Data:

----------------

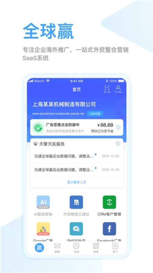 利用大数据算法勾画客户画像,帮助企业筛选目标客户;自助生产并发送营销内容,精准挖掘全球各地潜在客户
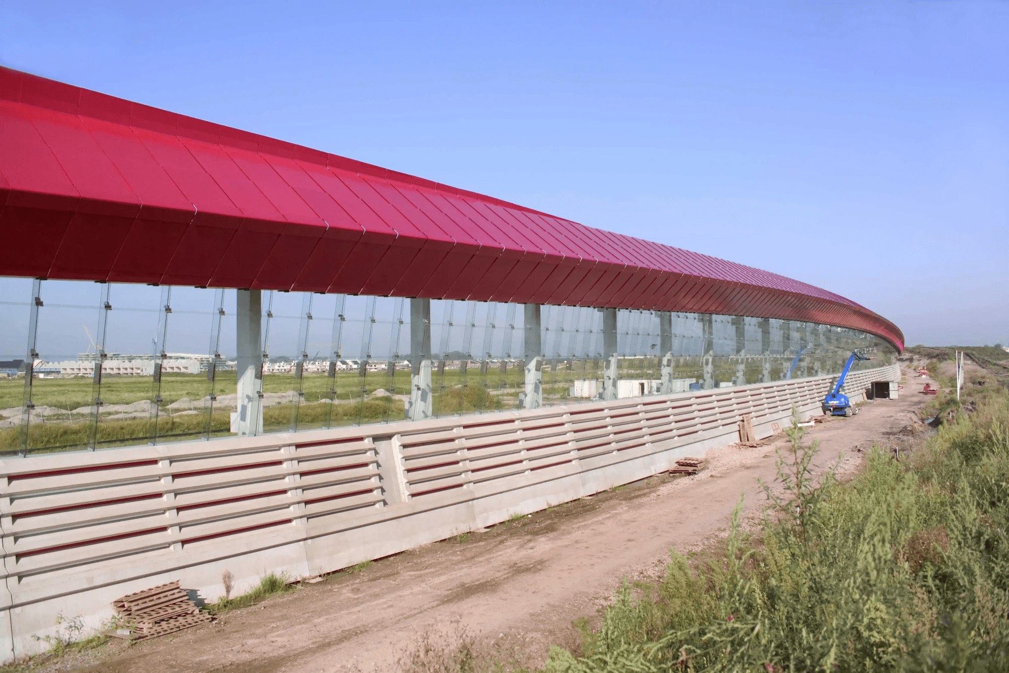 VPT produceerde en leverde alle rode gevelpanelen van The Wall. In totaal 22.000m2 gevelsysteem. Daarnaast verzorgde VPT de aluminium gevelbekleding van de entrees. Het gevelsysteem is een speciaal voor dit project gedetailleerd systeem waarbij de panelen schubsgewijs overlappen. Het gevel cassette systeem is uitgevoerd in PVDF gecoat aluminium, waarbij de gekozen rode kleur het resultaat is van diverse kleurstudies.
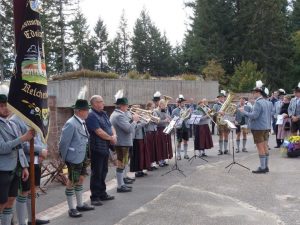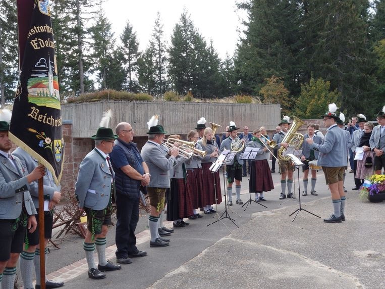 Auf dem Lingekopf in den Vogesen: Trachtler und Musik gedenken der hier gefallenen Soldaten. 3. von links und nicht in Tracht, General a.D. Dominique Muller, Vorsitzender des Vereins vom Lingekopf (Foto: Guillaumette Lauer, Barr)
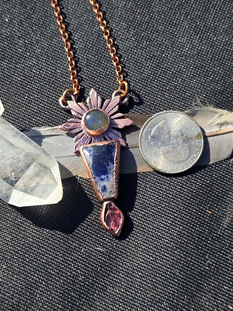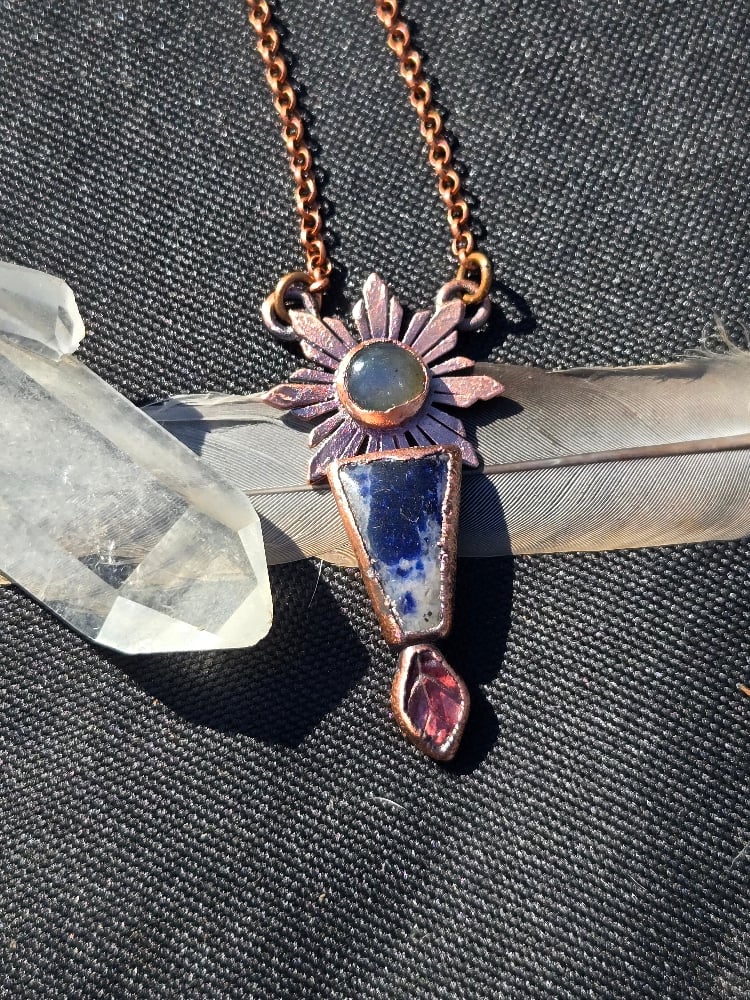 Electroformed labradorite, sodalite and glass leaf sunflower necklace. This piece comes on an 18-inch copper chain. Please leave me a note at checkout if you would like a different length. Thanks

----------------

What the exercise asks:
Would you print the whole listing exactly, omitting the pictures?

Written solution:
 利用大数据算法勾画客户画像,帮助企业筛选目标客户;自助生产并发送营销内容,精准挖掘全球各地潜在客户
 VPT produceerde en leverde alle rode gevelpanelen van The Wall. In totaal 22.000m2 gevelsysteem. Daarnaast verzorgde VPT de aluminium gevelbekleding van de entrees. Het gevelsysteem is een speciaal voor dit project gedetailleerd systeem waarbij de panelen schubsgewijs overlappen. Het gevel cassette systeem is uitgevoerd in PVDF gecoat aluminium, waarbij de gekozen rode kleur het resultaat is van diverse kleurstudies.
 Auf dem Lingekopf in den Vogesen: Trachtler und Musik gedenken der hier gefallenen Soldaten. 3. von links und nicht in Tracht, General a.D. Dominique Muller, Vorsitzender des Vereins vom Lingekopf (Foto: Guillaumette Lauer, Barr)
 Electroformed labradorite, sodalite and glass leaf sunflower necklace. This piece comes on an 18-inch copper chain. Please leave me a note at checkout if you would like a different length. Thanks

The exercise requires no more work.